§ Your assignment:
Only a slice of the listing below is wanted. Retype the lines from the one containing "Falun Dafa Practitioners" through the one containing "Recohep Tablets is", exactly, both ends included.

Dataset records: Begin

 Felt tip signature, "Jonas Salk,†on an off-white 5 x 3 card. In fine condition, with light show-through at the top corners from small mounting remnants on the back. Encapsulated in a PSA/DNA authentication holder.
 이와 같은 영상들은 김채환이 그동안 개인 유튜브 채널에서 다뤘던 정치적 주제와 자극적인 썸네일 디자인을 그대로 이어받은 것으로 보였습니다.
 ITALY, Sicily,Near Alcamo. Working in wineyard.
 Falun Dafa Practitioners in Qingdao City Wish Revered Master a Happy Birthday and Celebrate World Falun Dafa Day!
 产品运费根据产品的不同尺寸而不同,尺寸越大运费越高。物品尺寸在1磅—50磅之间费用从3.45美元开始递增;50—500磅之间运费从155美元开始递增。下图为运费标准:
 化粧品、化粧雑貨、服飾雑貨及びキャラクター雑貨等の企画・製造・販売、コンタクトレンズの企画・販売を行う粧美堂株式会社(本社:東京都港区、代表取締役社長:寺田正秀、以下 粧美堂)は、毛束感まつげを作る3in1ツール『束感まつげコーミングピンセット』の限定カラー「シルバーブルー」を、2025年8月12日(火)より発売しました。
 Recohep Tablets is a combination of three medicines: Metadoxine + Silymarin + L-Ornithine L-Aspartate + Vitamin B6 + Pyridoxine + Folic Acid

Dataset records: End
Dataset records: Begin

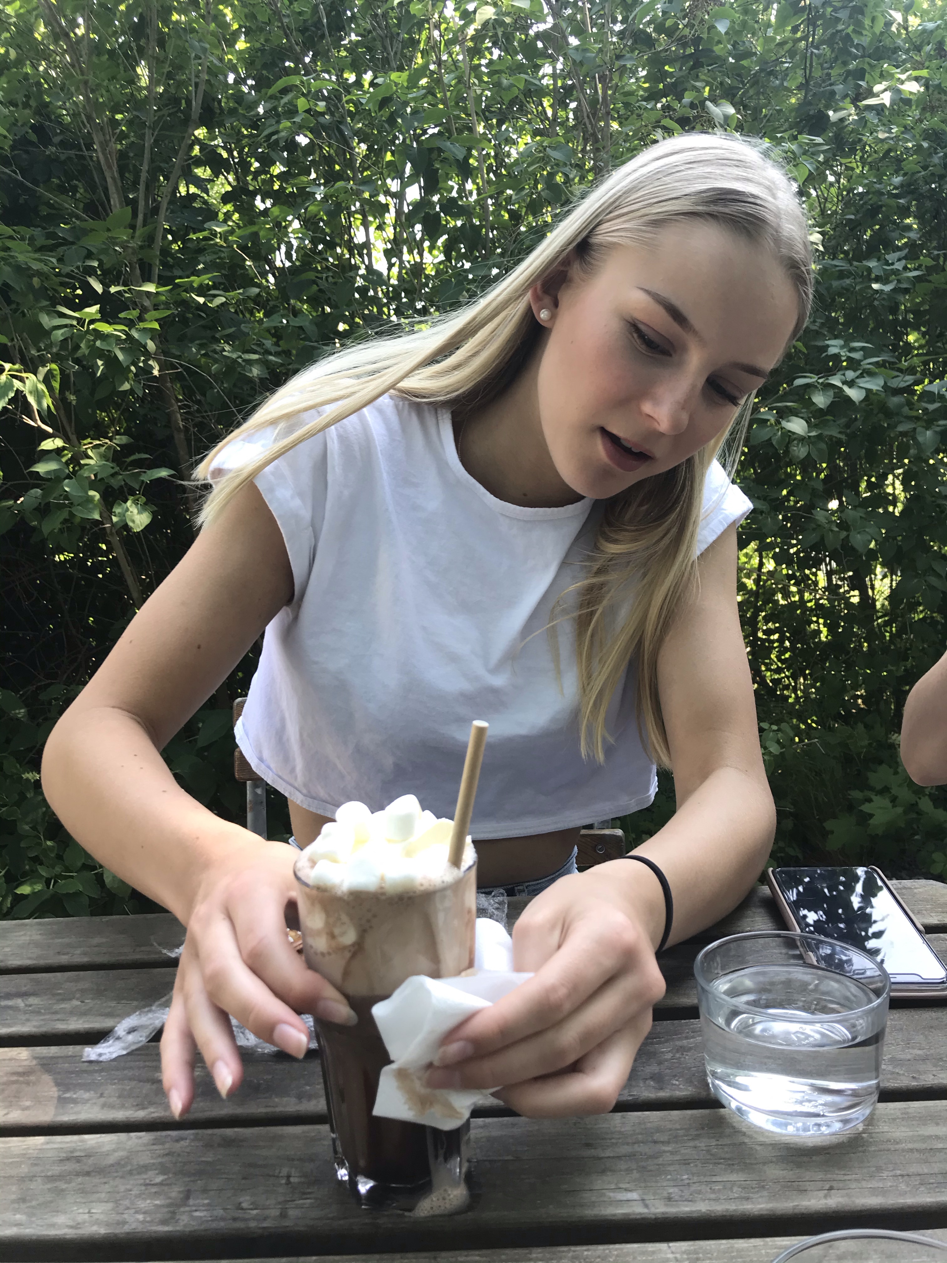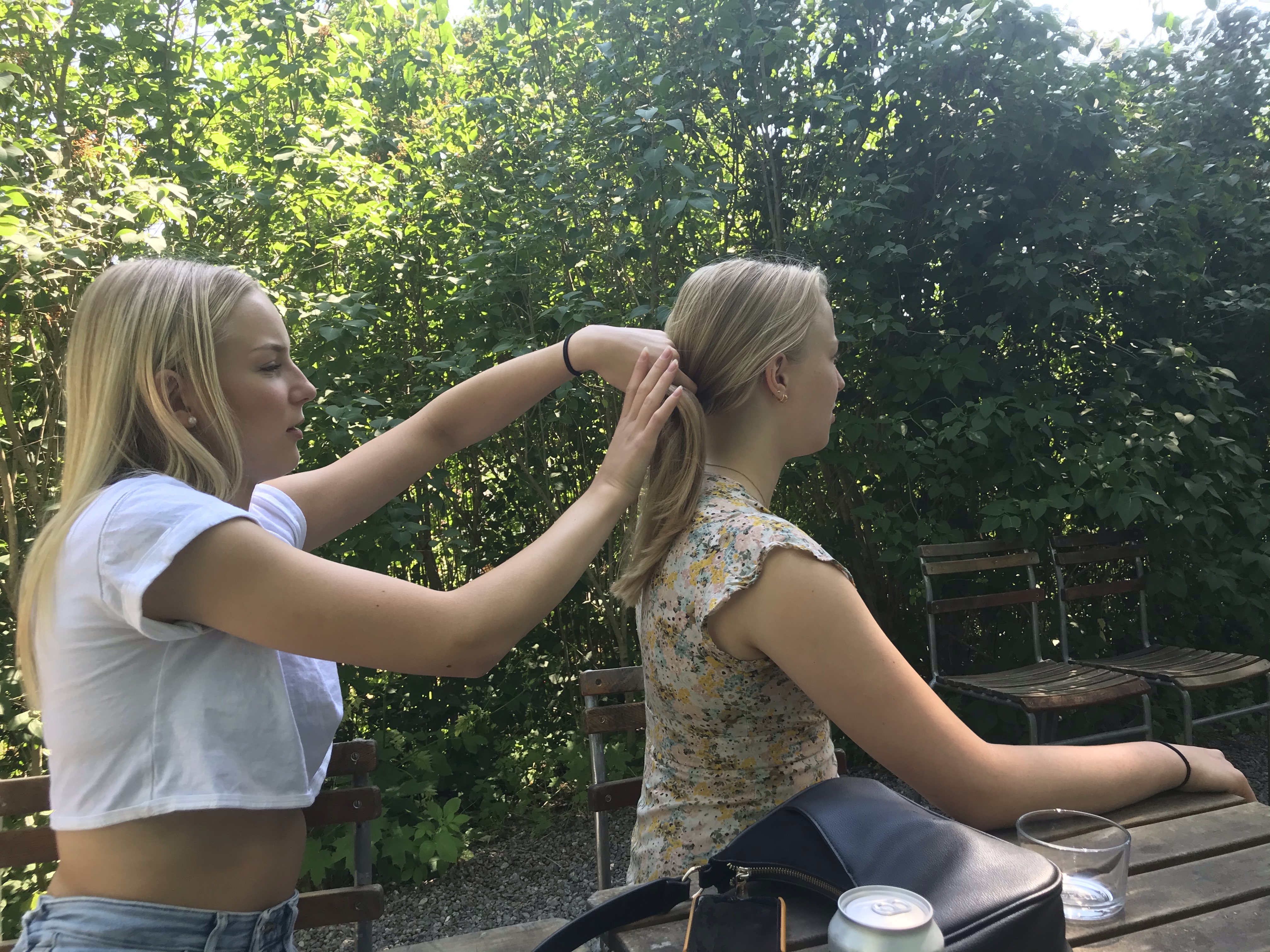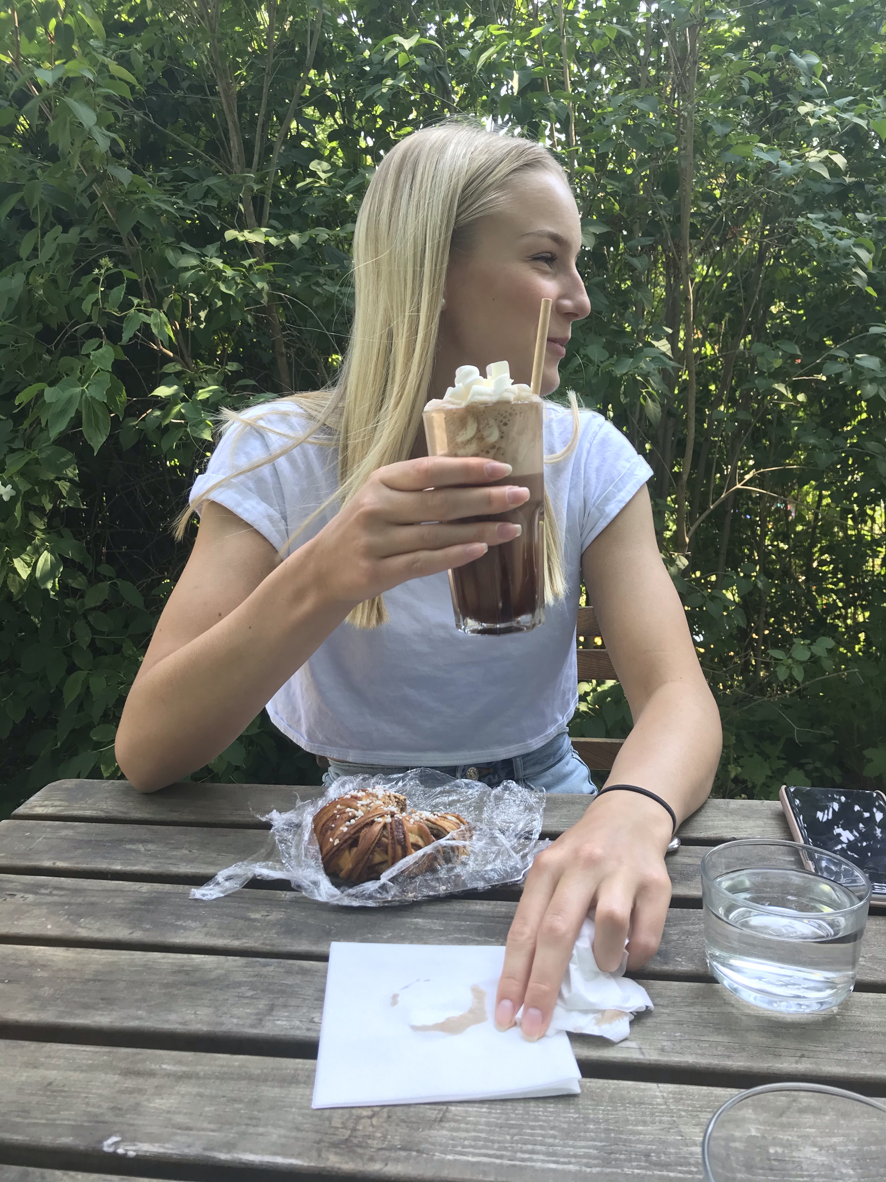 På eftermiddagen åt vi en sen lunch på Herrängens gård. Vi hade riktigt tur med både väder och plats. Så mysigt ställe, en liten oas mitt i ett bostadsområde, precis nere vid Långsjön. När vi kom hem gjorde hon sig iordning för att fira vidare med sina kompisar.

Dataset records: End

§ Solution to this task:
 Falun Dafa Practitioners in Qingdao City Wish Revered Master a Happy Birthday and Celebrate World Falun Dafa Day!
 产品运费根据产品的不同尺寸而不同,尺寸越大运费越高。物品尺寸在1磅—50磅之间费用从3.45美元开始递增;50—500磅之间运费从155美元开始递增。下图为运费标准:
 化粧品、化粧雑貨、服飾雑貨及びキャラクター雑貨等の企画・製造・販売、コンタクトレンズの企画・販売を行う粧美堂株式会社(本社:東京都港区、代表取締役社長:寺田正秀、以下 粧美堂)は、毛束感まつげを作る3in1ツール『束感まつげコーミングピンセット』の限定カラー「シルバーブルー」を、2025年8月12日(火)より発売しました。
 Recohep Tablets is a combination of three medicines: Metadoxine + Silymarin + L-Ornithine L-Aspartate + Vitamin B6 + Pyridoxine + Folic Acid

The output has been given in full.